What to work on:
Print the listing below only from the line that has "জাতির পিতা বঙ্গবন্ধু" through the line that has "Denne katteboks kombinerer", exactly, and drop any picture.

Available data:
━━━━━━━━━━━━━━━━

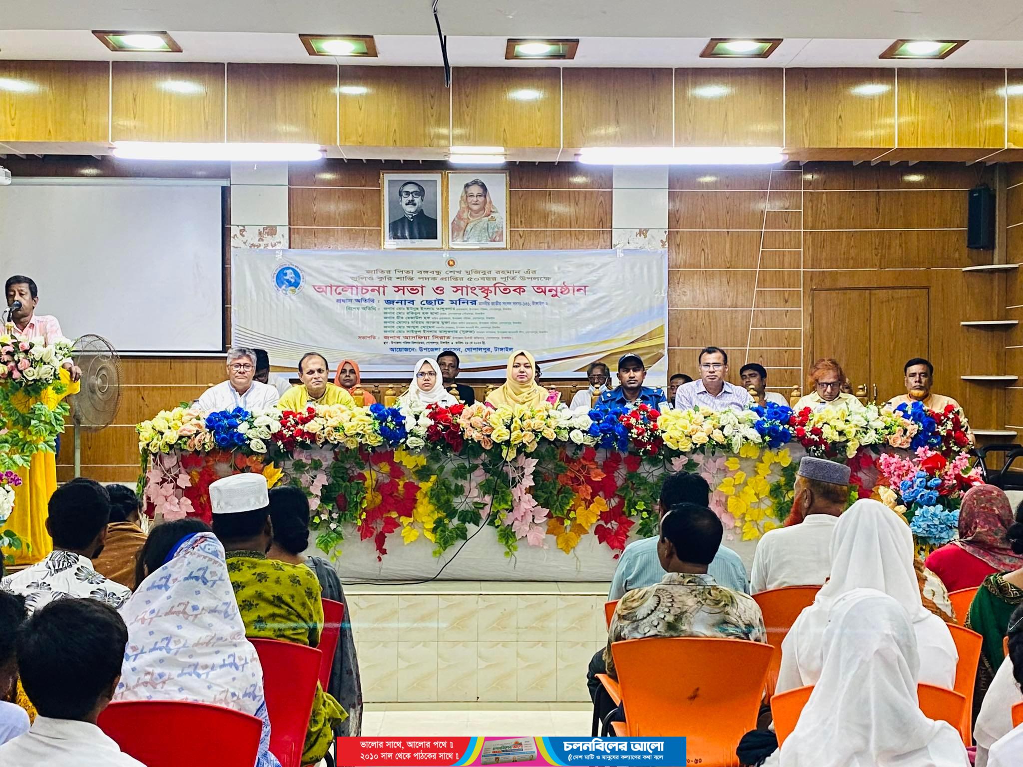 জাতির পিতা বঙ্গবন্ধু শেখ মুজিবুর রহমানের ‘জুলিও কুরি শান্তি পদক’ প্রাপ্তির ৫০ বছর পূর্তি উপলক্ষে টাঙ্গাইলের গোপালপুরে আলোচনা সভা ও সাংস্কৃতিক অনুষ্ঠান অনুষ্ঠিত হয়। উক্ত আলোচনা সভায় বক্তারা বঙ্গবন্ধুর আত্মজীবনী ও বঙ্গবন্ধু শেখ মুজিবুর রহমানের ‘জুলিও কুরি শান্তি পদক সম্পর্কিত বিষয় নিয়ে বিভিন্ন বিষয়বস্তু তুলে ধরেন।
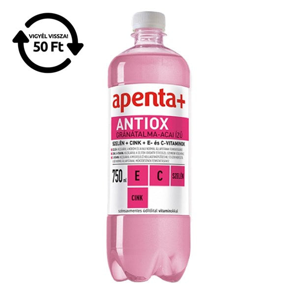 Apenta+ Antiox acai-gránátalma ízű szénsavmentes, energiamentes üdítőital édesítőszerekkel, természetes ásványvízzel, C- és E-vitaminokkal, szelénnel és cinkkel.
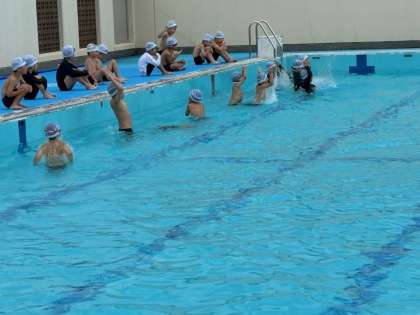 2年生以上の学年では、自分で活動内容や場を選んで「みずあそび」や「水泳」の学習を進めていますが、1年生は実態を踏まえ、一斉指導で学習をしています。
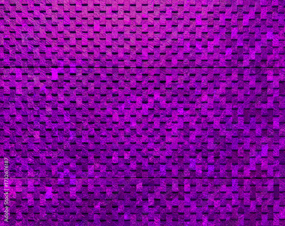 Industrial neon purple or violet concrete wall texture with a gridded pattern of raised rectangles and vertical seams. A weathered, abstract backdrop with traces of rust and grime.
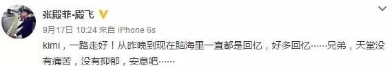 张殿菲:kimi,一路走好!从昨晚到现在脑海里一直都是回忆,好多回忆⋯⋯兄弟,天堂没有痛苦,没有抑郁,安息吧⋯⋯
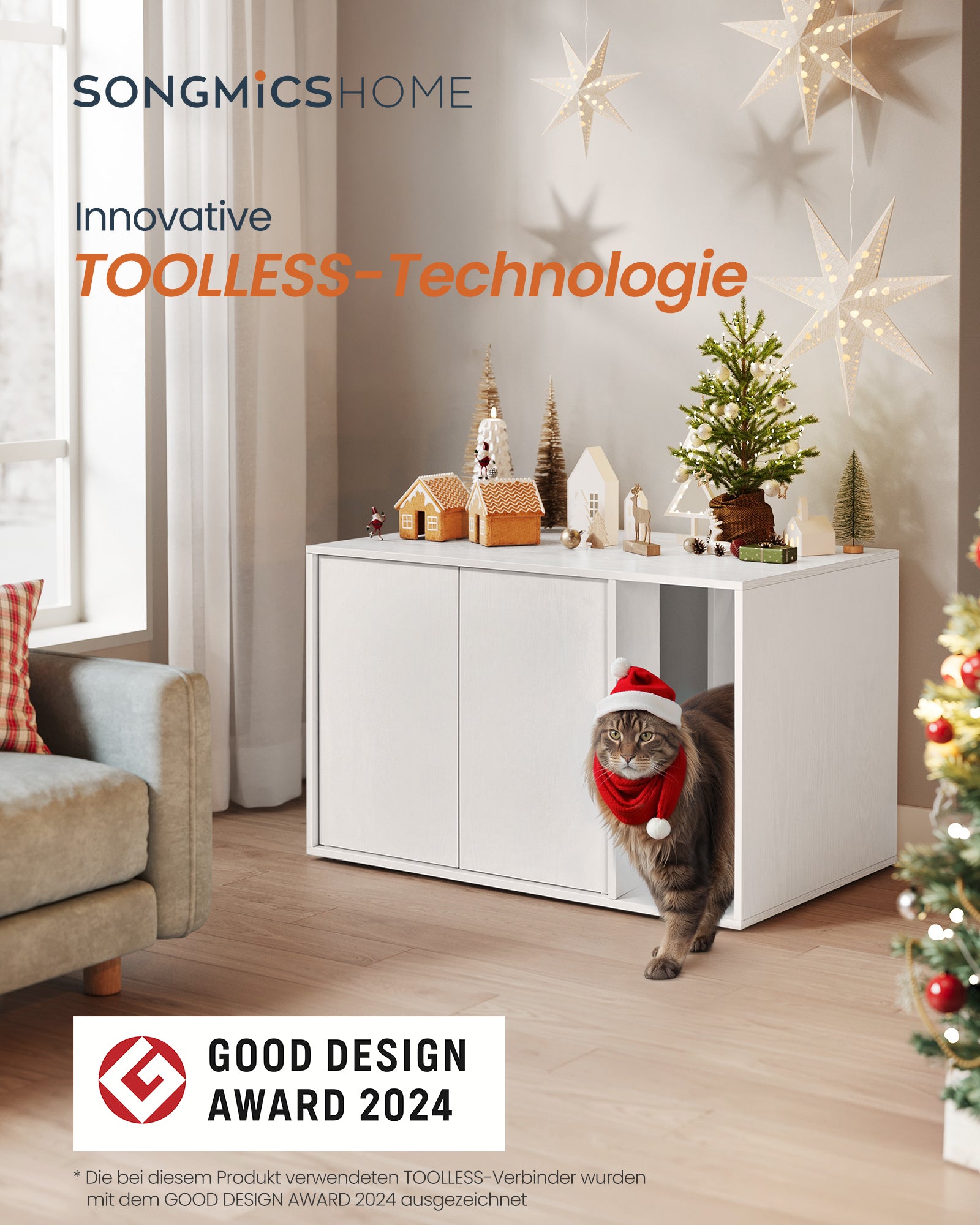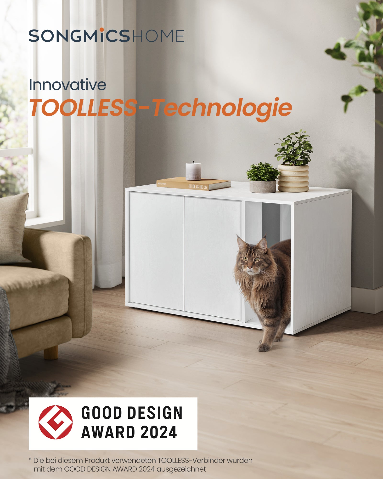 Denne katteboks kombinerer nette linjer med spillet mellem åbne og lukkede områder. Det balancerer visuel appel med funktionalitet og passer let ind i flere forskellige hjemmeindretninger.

━━━━━━━━━━━━━━━━

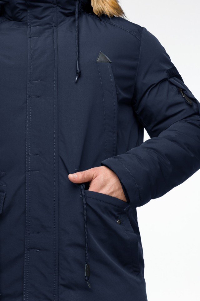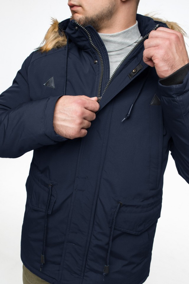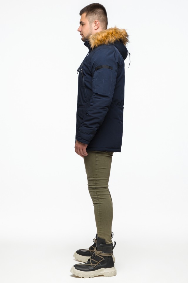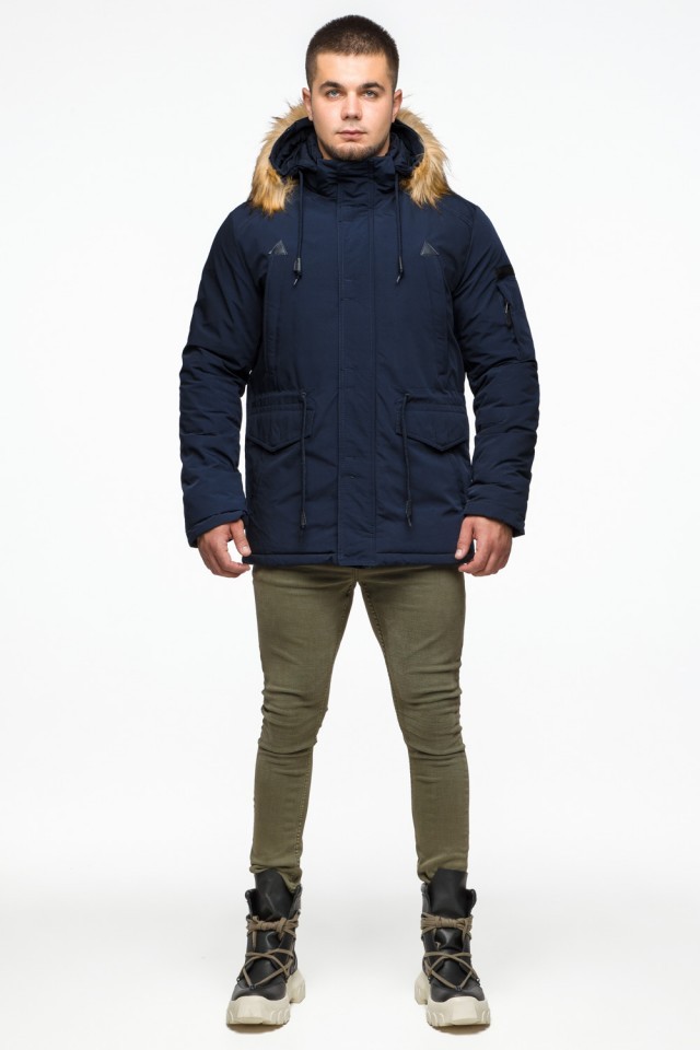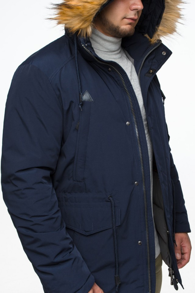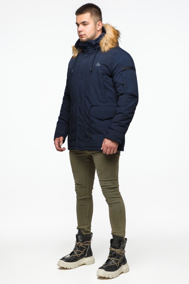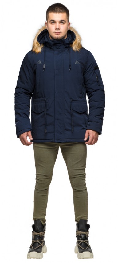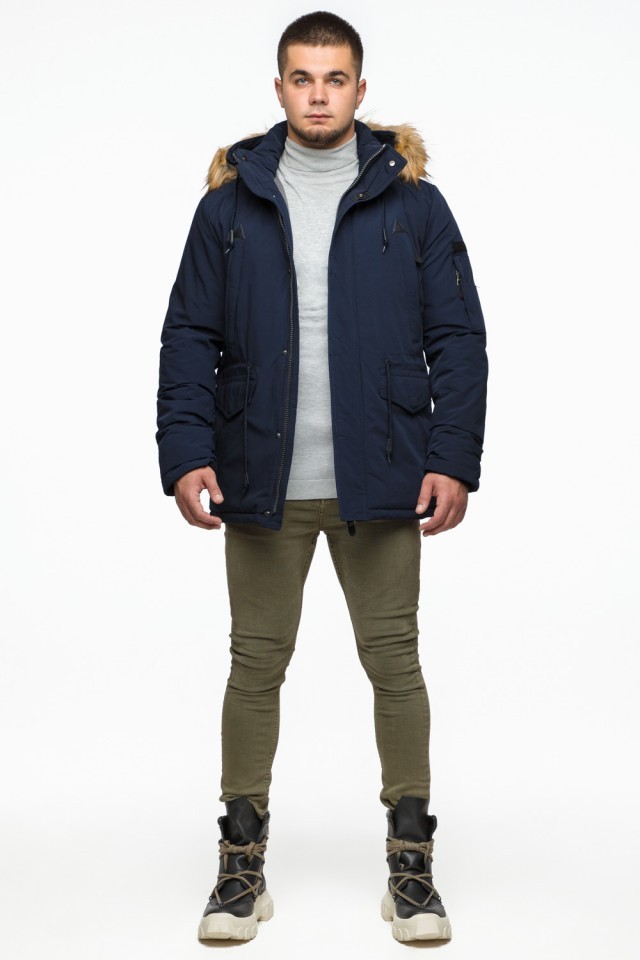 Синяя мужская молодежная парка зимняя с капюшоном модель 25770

━━━━━━━━━━━━━━━━

Answer section:
 জাতির পিতা বঙ্গবন্ধু শেখ মুজিবুর রহমানের ‘জুলিও কুরি শান্তি পদক’ প্রাপ্তির ৫০ বছর পূর্তি উপলক্ষে টাঙ্গাইলের গোপালপুরে আলোচনা সভা ও সাংস্কৃতিক অনুষ্ঠান অনুষ্ঠিত হয়। উক্ত আলোচনা সভায় বক্তারা বঙ্গবন্ধুর আত্মজীবনী ও বঙ্গবন্ধু শেখ মুজিবুর রহমানের ‘জুলিও কুরি শান্তি পদক সম্পর্কিত বিষয় নিয়ে বিভিন্ন বিষয়বস্তু তুলে ধরেন।
 Apenta+ Antiox acai-gránátalma ízű szénsavmentes, energiamentes üdítőital édesítőszerekkel, természetes ásványvízzel, C- és E-vitaminokkal, szelénnel és cinkkel.
 2年生以上の学年では、自分で活動内容や場を選んで「みずあそび」や「水泳」の学習を進めていますが、1年生は実態を踏まえ、一斉指導で学習をしています。
 Industrial neon purple or violet concrete wall texture with a gridded pattern of raised rectangles and vertical seams. A weathered, abstract backdrop with traces of rust and grime.
 张殿菲:kimi,一路走好!从昨晚到现在脑海里一直都是回忆,好多回忆⋯⋯兄弟,天堂没有痛苦,没有抑郁,安息吧⋯⋯
 Denne katteboks kombinerer nette linjer med spillet mellem åbne og lukkede områder. Det balancerer visuel appel med funktionalitet og passer let ind i flere forskellige hjemmeindretninger.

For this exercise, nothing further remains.